Intracranial epidermoid cysts often develop in the cerebellopontine angle and fourth ventricle. As they gradually enlarge, they compress the cerebellum and medulla, causing neurological signs, such as central vestibular disorders (2, 4). These lesions have been reported in humans, horses, dogs, and rats (2, 5–7), and only one case has been reported in a cat (8). In this report, no imaging or surgery was performed and the patient was euthanized and the diagnosis was made at necropsy.
In the present case, we had an opportunity to surgically remove an epidermoid cyst that developed caudal to the fourth ventricle of a cat. To the best of our knowledge, there have been no previous reports of surgical removal or magnetic resonance imaging (MRI) of intracranial epidermoid cysts in cats.
Case presentation
The case was a 9-year-old American Shorthair, neutered male, weighing 4.3 kg. For 6 weeks the cat had displayed intermittent tetraparesis and proprioceptive ataxia. The cat had no other clinical signs, with normal activity and appetite. No abnormalities were found in physical examination, complete blood count (CBC), blood biochemical test, and cardiac ultrasonography at the primary care clinic. No treatment was instituted at this time. However, abnormal gait continued intermittently and the cat fell down the stairs once. A few days after falling, the cat visited the emergency hospital following collapse and respiratory distress. Chest and abdominal radiography revealed no abnormalities. The patient was referred to the neurology department of our hospital.

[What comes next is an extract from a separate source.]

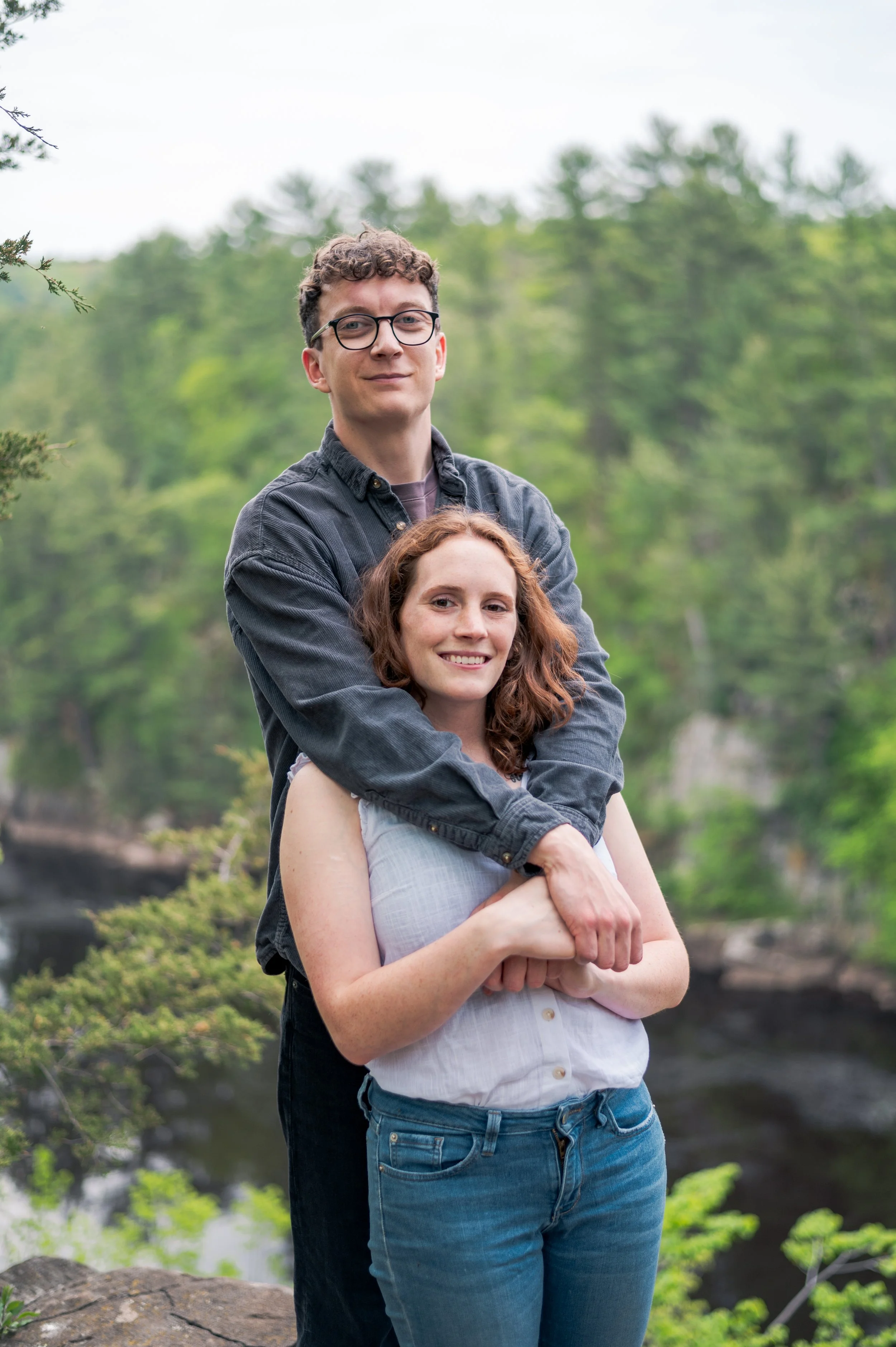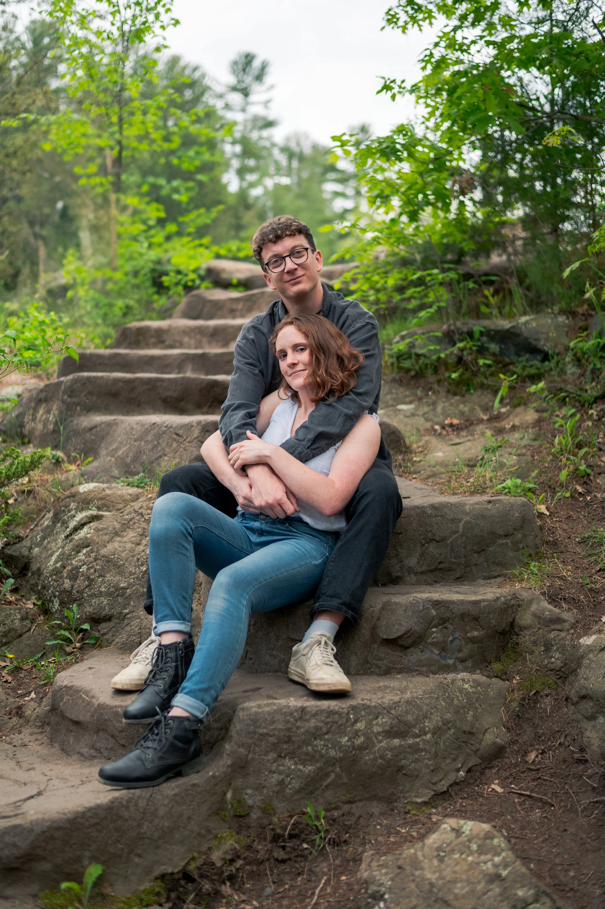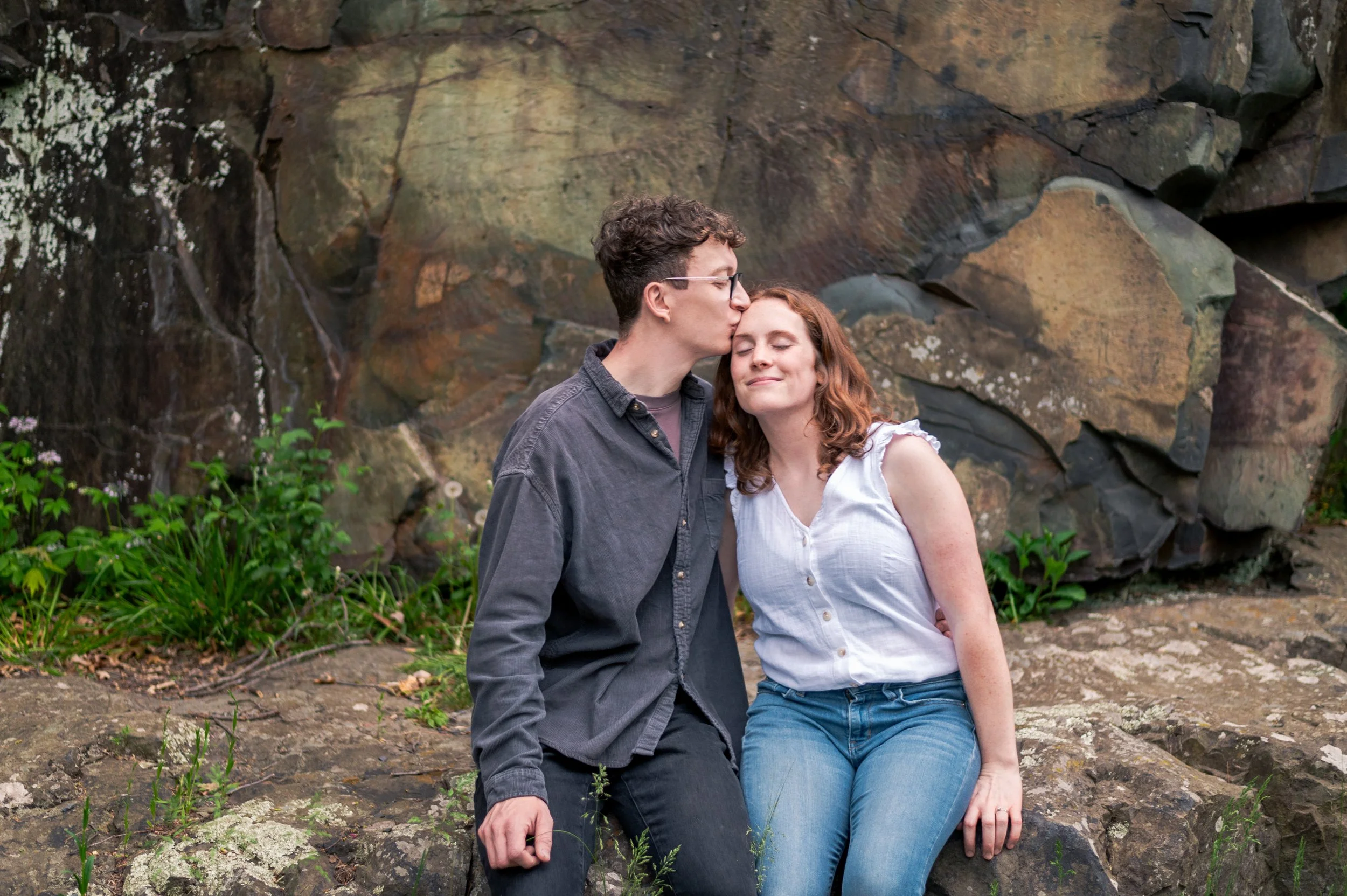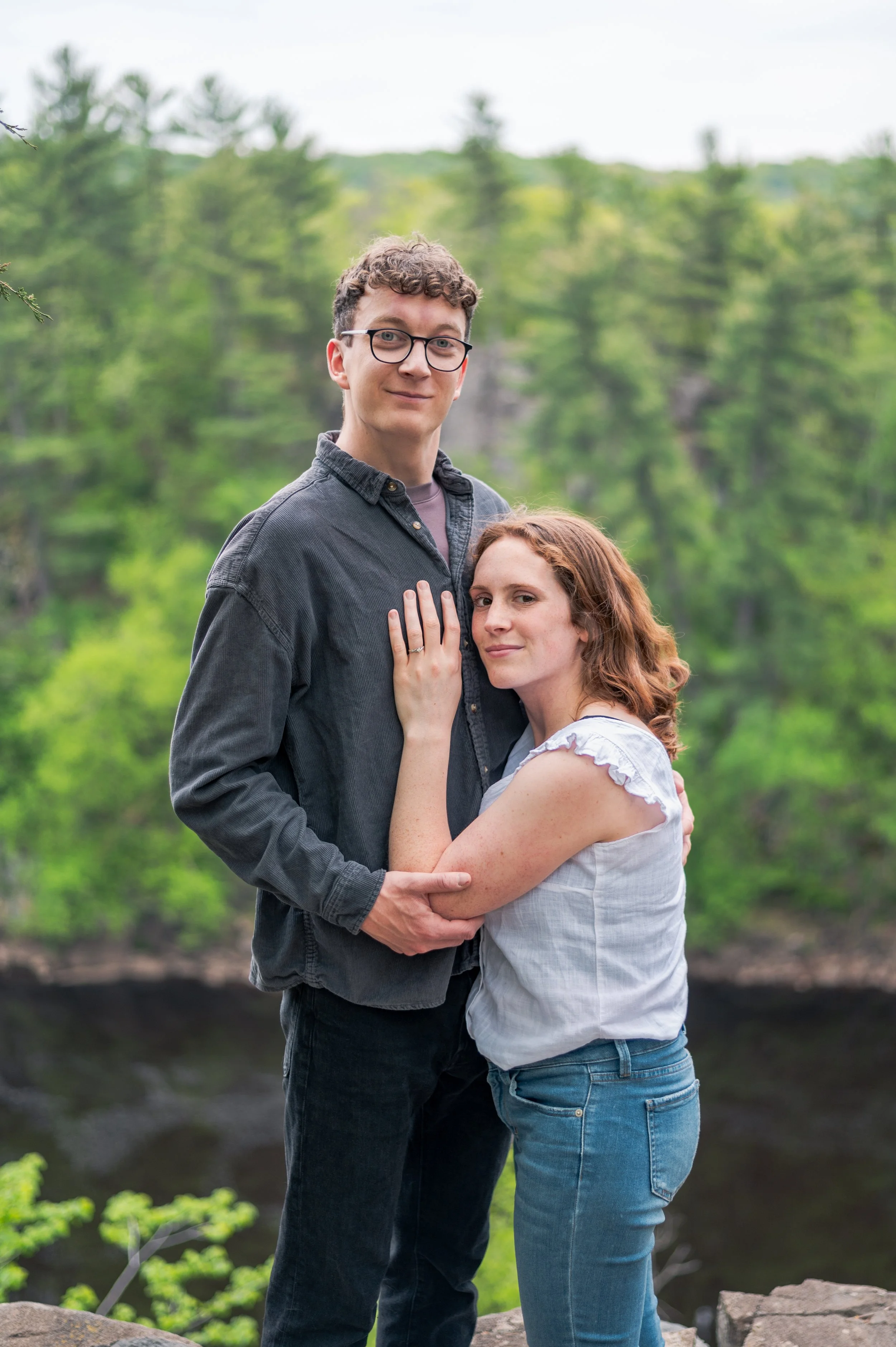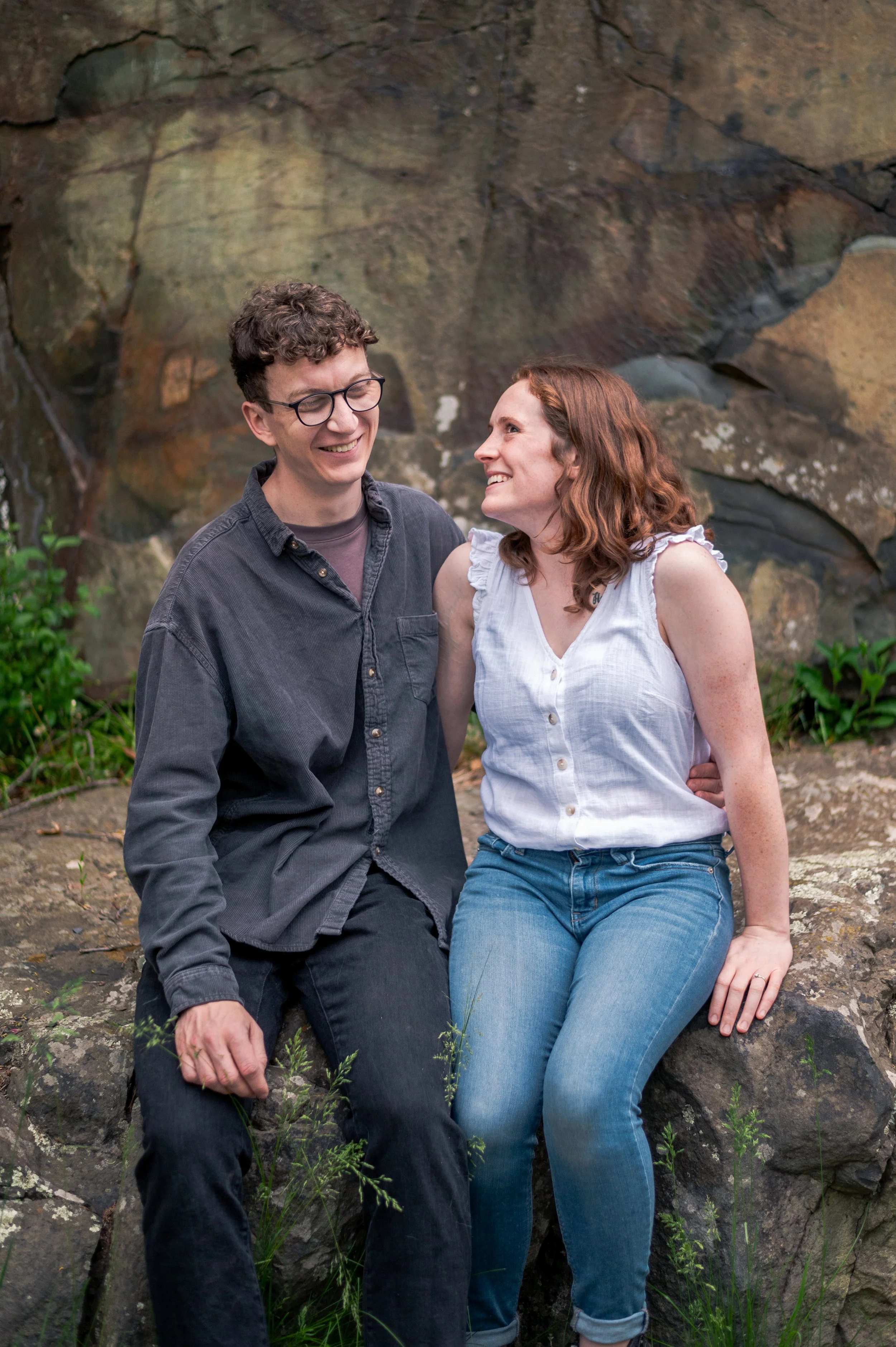 Skyler and Josh chose Interstate State Park for their engagement session. It was mid-July and there had just been a ton of rain, so we were unfortunately battling monstrously huge mosquitoes the entire time we hiked the bluffs (I can confidently say I’ve never seen mosquitoes this big, they may as well have been flies!) but these two were troopers throughout the whole ordeal. Josh, having just moved here from the UK, began developing small welts from the bites so we hustled over to the visitor center. Thankfully they relented once we arrived at the glacial potholes. We explored the nooks and crannies around us, finding pockets of quiet spaces all to ourselves despite the lot being quite full.

At presentation, the cat was in a stupor state with a recumbent posture. It showed tachycardia (200 bpm) and hyperthermia (39.3°C). The cat was non-ambulatory tetraparetic, and showed absent postural reactions, mildly increased spinal reflexes, and decreased superficial pain perception in all limbs. Vertical nystagmus in both eyes was noted, which was exacerbated by placing the cat in dorsal-recumbency. The resting pupillary diameter of both eyes was mid-range, but both direct and indirect pupillary light reflexes were decreased. CBC and blood biochemical tests were unremarkable. Neurological examination was consistent with a brainstem disorder, and MRI of the brain was indicated.
The patient was premedicated with midazolam (Dormicum, Maruishi Pharmaceutical Co., Osaka, Japan; 0.2 mg/kg IV) and anesthetized with propofol (PropoFlo28, Zoetis Japan, Tokyo, Japan) injection to effect. After endotracheal intubation, general anesthesia was maintained with 2% sevoflurane (SEVOFLO, Maruishi Pharmaceutical Co., Osaka, Japan). MRI was performed using 0.3T AIRIS Vento (Hitachi, Tokyo, Japan) with sagittal, transverse and dorsal planes on T2-weighted (TR/TE = 4,000/100) imaging; transverse planes on T1-weighted (TR/TE = 380/15) imaging; and fluid-attenuated inversion recovery (FLAIR; TR/TE = 9,000/100) imaging. Sagittal, transverse and dorsal planes of T1-weighted imaging after IV injection of gadolinium (OMNISCAN 32%, GE HealthCare Pharma Co., Tokyo, Japan; 64 mg/kg IV) were also performed. MRI revealed an extra-axial mass lesion at the dorsal medulla and the caudal fourth ventricle, compressing the medulla ventrally and the cerebellum dorsally (Figure 1). The mass was high-intensity on T2-weighted and FLAIR imaging, low-intensity on T1-weighted imaging (higher than the signal of cerebrospinal fluid) and was enhanced in the margins on post-contrast T1-weighted imaging (Figure 2). The third ventricle, lateral ventricles, and olfactory ventricle were enlarged, and the sulci were obscured throughout. Based on these findings, we suspected that the patient had obstructive hydrocephalus secondary to a mass lesion caudal to the fourth ventricle. Epidermoid cysts, arachnoid diverticula, abscesses and neoplasms (e.g., meningioma, lymphoma and ependymoma) were differential diagnoses for the mass (8–11). A histopathological examination was considered necessary for diagnosis. A second cystic lesion was found between the tectum and the cerebellum, dorsal to the quadrigeminal cistern. This lesion showed the same signal pattern as cerebrospinal fluid: high intensity on T2-weighted imaging, low intensity on T1-weighted imaging and FLAIR imaging and no contrast enhancement. This concurrent lesion was suspected to be an arachnoid diverticulum, but the clinical significance of the lesion was unclear.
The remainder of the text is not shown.